I've been learning about the relationship between Mann-Whitney U.
Supposedly, the area under the ROC curve should be $\text{AUC} = \frac{U}{n_0 n_1}$, where $U$ is the Mann-Whitney statistic, $n_0$ is the number of negative examples, and $n_1$ is the number of positive examples.
I attempted to test this using python's scipy and scikitlearn library and found some unaccounted discrepancies.
Unfortunately, I can't share the data, but here's the code and output.
U = mannwhitneyu(preds['score'], preds['truth'])[0]

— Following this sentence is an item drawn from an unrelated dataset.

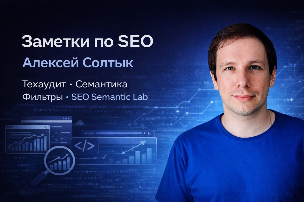 ) Автор Soltyk.ru, разработчик SEO Semantic Lab и алгоритма анализа текстов Soltyk25. Здесь публикую: — техническое SEO — семантику и кластеризацию — разборы сайтов и страниц — фильтры поисковиков — кейсы, наблюдения и SEO-инструменты Помогаю с: — техническим аудитом сайта — скорингом семантики и стратегией — консультациями по SEO — разбором просадок и фильтров — ТЗ, метатегами и контентом — доступом к SEO Semantic Lab Прайс от: техаудит — от 16 500 ₽ скоринг семантики — от 28 000 ₽ консультация — 5 000 ₽/час Для сотрудничества: @seosoltyk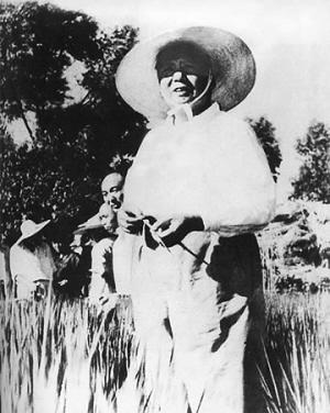 這是毛澤東一生第一次,也是唯一一次來到成都。23年前即遵義會議后,他曾進入四川,帶領中央紅軍飛奪瀘定橋,然后進阿壩高原,爬雪山,過草地,歷盡艱險,而今他站在成都西門遠眺隱約可見的雪山,可能不僅想到了杜甫的著名詩句,更多想到的應是自己曾經(jīng)出沒那里的曲折經(jīng)歷。

vc = preds['truth'].value_counts()
n0n1 = vc.loc[0] * vc.loc[1]
print('U: %d' % U)
print('n0n1: %d' % n0n1)
print('U/n0n1: %0.3f' % (U/n0n1))
print('AUC: %0.3f' % roc_auc_score(preds['truth'], preds['score']))
output:
U: 26899093155
n0n1: 40496604804
U/n0n1: 0.664
AUC: 0.674
However, when I using the implementation described in the above link:
def calc_U(y_true, y_score):
n1 = np.sum(y_true==1)
n0 = len(y_score)-n1
## Calculate the rank for each observation
# Get the order: The index of the score at each rank from 0 to n
order = np.argsort(y_score)
# Get the rank: The rank of each score at the indices from 0 to n
rank = np.argsort(order)
# Python starts at 0, but statistical ranks at 1, so add 1 to every rank
rank += 1
# If the rank for target observations is higher than expected for a random model,
# then a possible reason could be that our model ranks target observations higher
U1 = np.sum(rank[y_true == 1]) - n1*(n1+1)/2
U0 = np.sum(rank[y_true == 0]) - n0*(n0+1)/2
# Formula for the relation between AUC and the U statistic
AUC1 = U1/ (n1*n0)
AUC0 = U0/ (n1*n0)
return U1, AUC1, U0, AUC0
gives me the correct equality $\text{AUC} = \frac{U}{n_0 n_1}$.
I've attempted applying the solution described here, but this is not resolving my issue. I'm wondering if it could have anything to do with these particular implementations with the functions.